The invention has the following beneficial effects:

the embodiment of the invention provides a power-off delay protection circuit and a device, wherein the circuit comprises: the protection device comprises a main control unit, an auxiliary control unit, a switch unit, a power supply end and a signal trigger end, wherein the main control unit is used for receiving a trigger signal which is output by the trigger signal and used for representing the power-off of a protected object, outputting a first switch signal for controlling the switch unit to be disconnected after a first preset time according to the trigger signal, the auxiliary control unit is used for receiving the trigger signal, outputting a second switch signal for controlling the switch unit to be disconnected after a second preset time according to the trigger signal, and the switch unit is used for disconnecting a path between the power supply end and the protected object according to the first switch signal and/or the second switch signal. The power-off delay protection circuit provided by the embodiment of the invention comprises the auxiliary control unit, and the auxiliary control unit can output the second switching signal for controlling the switching-off of the switching unit after the second preset time, so that the double protection can be realized for the protected object by delaying power-off, and after the main control unit breaks down, the purpose of delaying power-off is realized through the auxiliary control unit, and the failure rate is reduced.

Drawings

In order to more clearly illustrate the technical solutions in the embodiments of the present invention, the drawings needed to be used in the description of the embodiments will be briefly introduced below, and it is obvious that the drawings in the following description are only some embodiments of the present invention, and it is obvious for those skilled in the art to obtain other drawings based on these drawings without inventive exercise.
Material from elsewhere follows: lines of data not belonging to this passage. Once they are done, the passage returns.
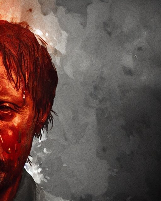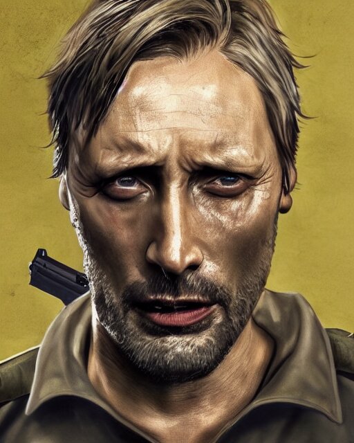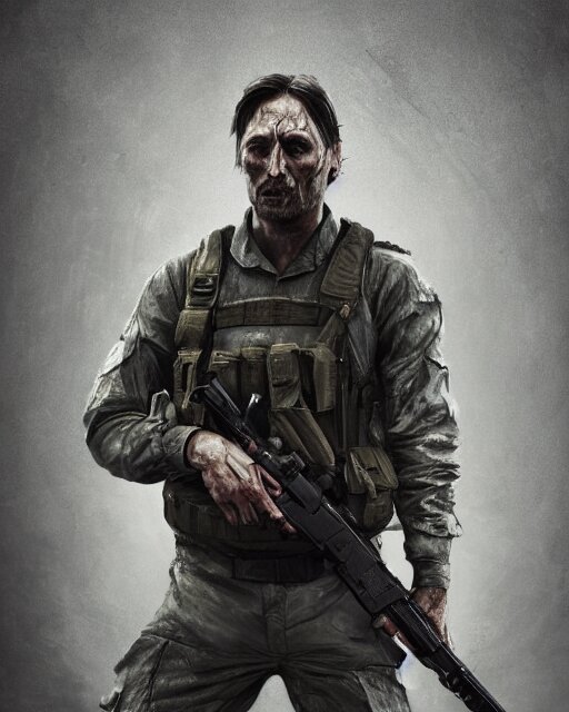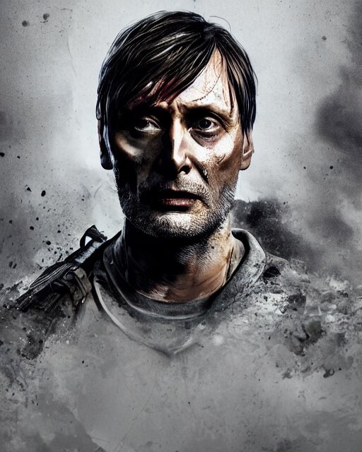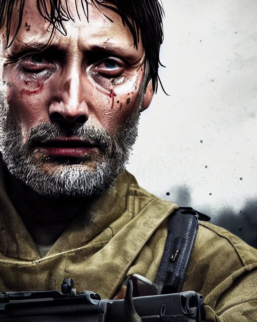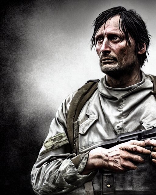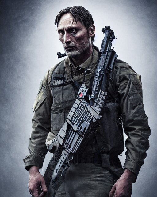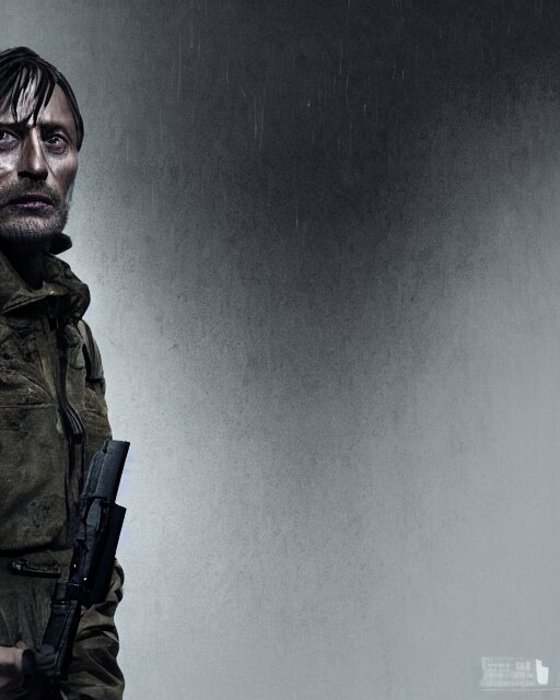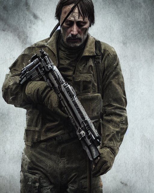 Mads mikkelson as clifford unger from death stranding wearing modern military fatigues, wielding assault rifle, weeping tears of tar, mysterious portrait, cinematic lighting, black background, digital painting photoshop, ultra detailed hdr 8 k
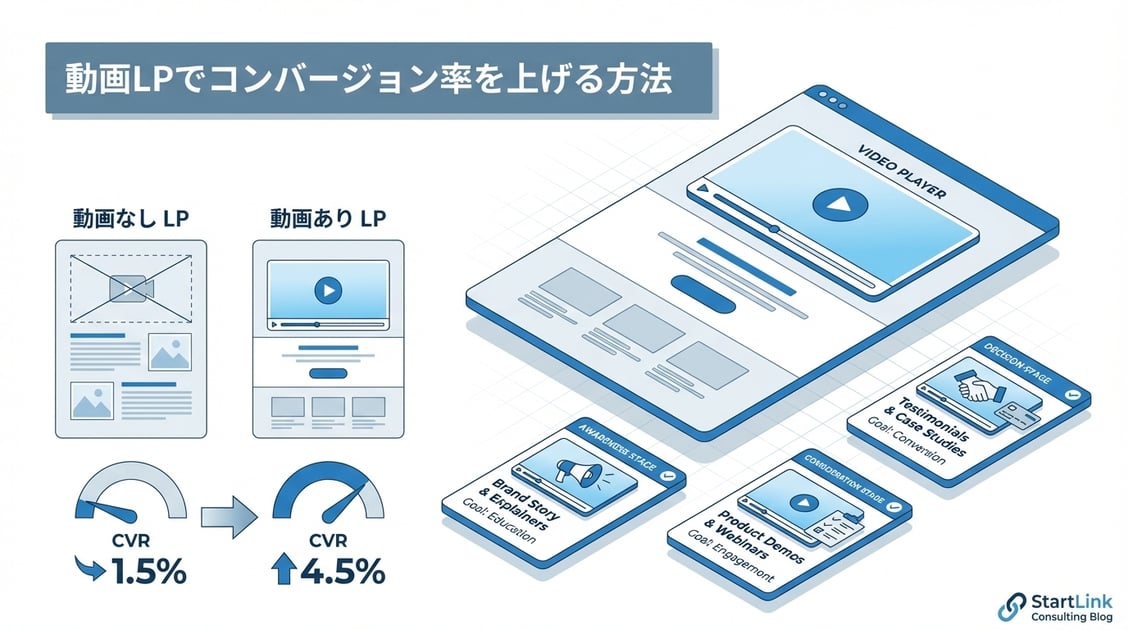 しかし、「動画をただ置けばいい」というわけではありません。動画の種類、長さ、配置場所、自動再生の有無によってCVRへの影響は大きく異なります。適切に設計された動画LPと、そうでないものでは、成果に数倍の差が生まれます。
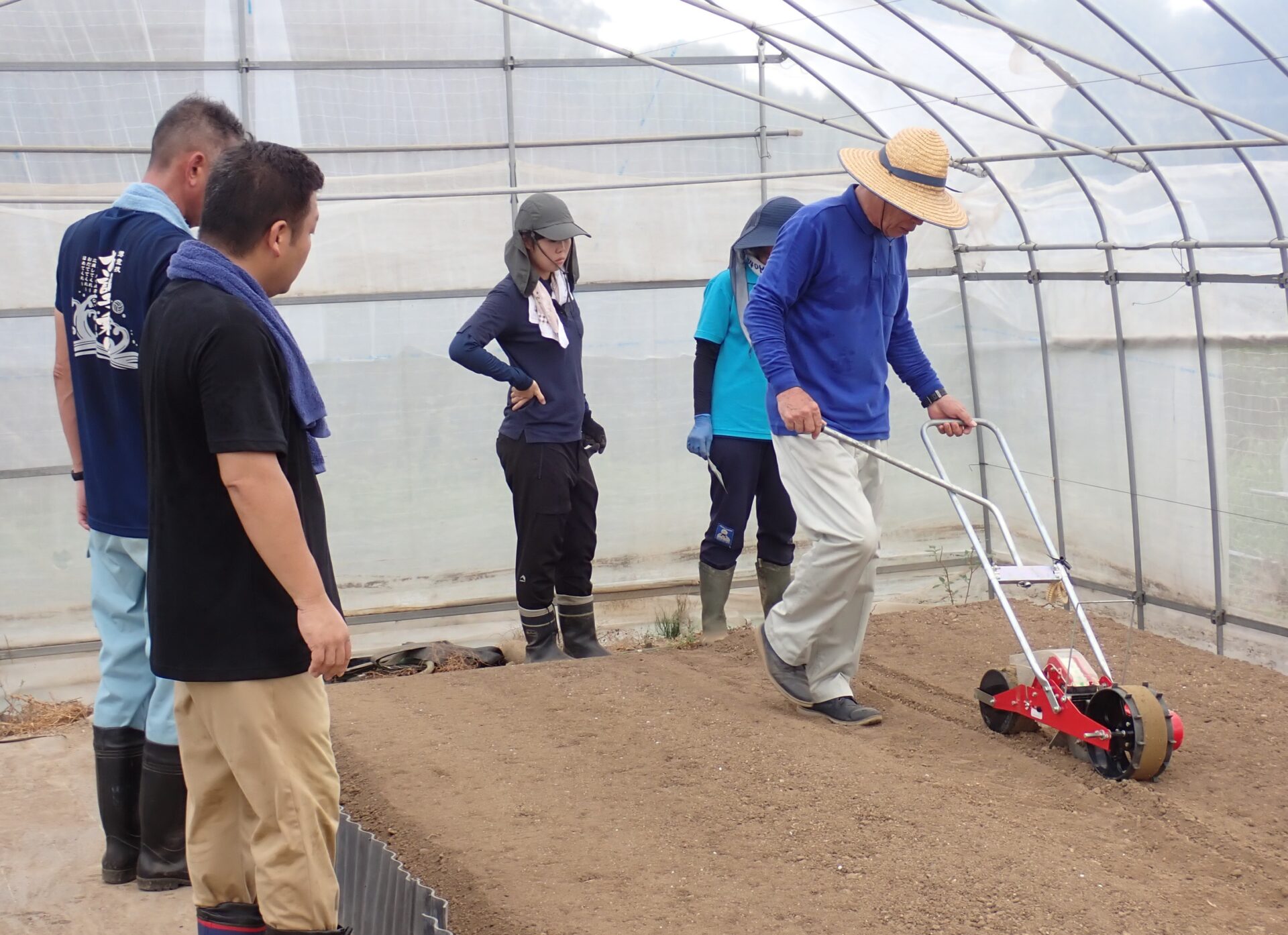 2025.09.17 ブログ 『第8回農福連携 栽培技術基礎講座』 こまつなの播種、ハクサイの定植を行いました(令和7年9月10日) 第8回の講座は、農業大学校の鷲見講師が農薬の分類などの基礎的な内容について講義しました。 実習では、ハクサイの定植とこまつなの播種を行いました。こまつなはハウス内で直接播種するので、播種機を使って交代で慎重に播きました。自分が播種した列の結果が心配な様子でした。 次回は、今回播種したこまつなの収穫と出荷調製、5月に定植したさつまいもの収穫を行う予定です。
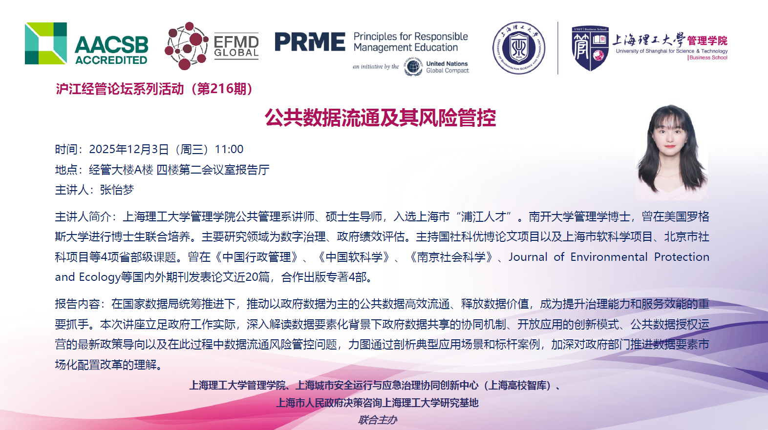 沪江经管论坛系列活动(第216期):公共数据流通及其风险管控
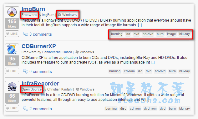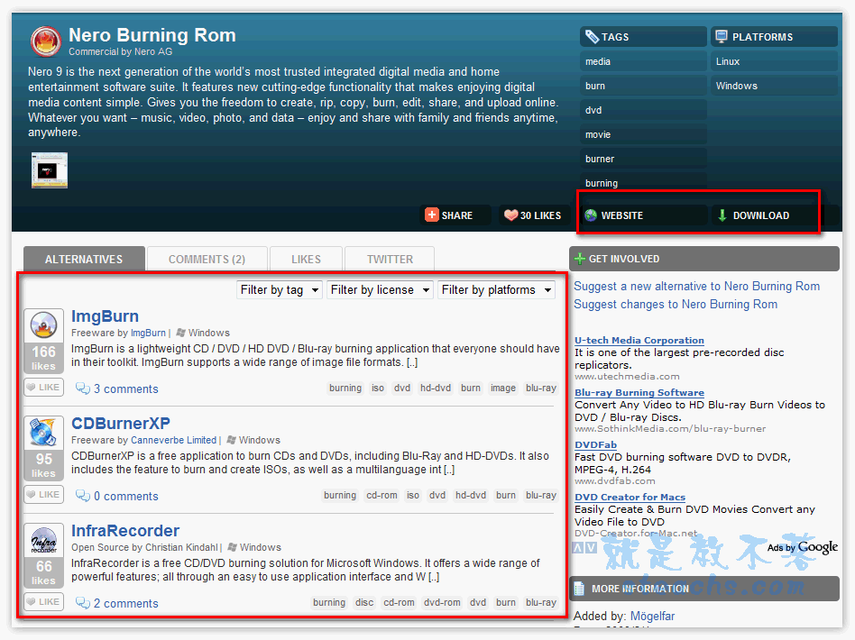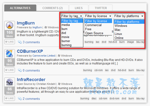 下方就有出現了丫湯前陣子才介紹過也不錯用的〝InfraRecoder〞,而在下方的替代軟體不一定只會出現免費的哦,不過我們可以藉由他所提供的篩選功能再更進一步的來更符合我們的需求。
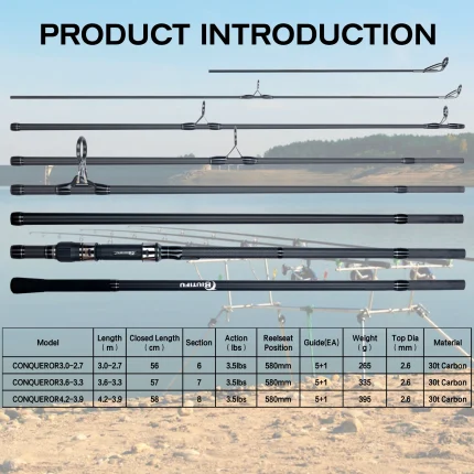 Poder de pesca: 1-6 libras (0,45-2,72 kg) Tipo de agarre de pesca: Varilla giratoria Producto químico muy preocupado: Ninguno Acción: FAST Número de modelo: 2.7/3.0m

Fig. 1 is a schematic diagram of a power-down delay protection circuit according to an embodiment of the present invention;

FIG. 2 is a schematic diagram of another power-down delay protection circuit according to an embodiment of the present invention;

fig. 3 is a schematic diagram of an auxiliary control unit in a power-down delay protection circuit according to an embodiment of the present invention;

FIG. 4 is a diagram illustrating a timing control unit according to an embodiment of the present invention;

FIG. 5 is a diagram of another timing control unit according to an embodiment of the present invention;

fig. 6 is a schematic diagram of another power-down delay protection circuit according to an embodiment of the present invention;

fig. 7 is a timing diagram of a power-down delay protection circuit according to an embodiment of the present invention.

Detailed Description

In order to make the objects, technical solutions and advantages of the present invention clearer, the present invention will be described in further detail with reference to the accompanying drawings, and it is apparent that the described embodiments are only a part of the embodiments of the present invention, not all of the embodiments. All other embodiments, which can be derived by a person skilled in the art from the embodiments given herein without making any creative effort, shall fall within the protection scope of the present invention.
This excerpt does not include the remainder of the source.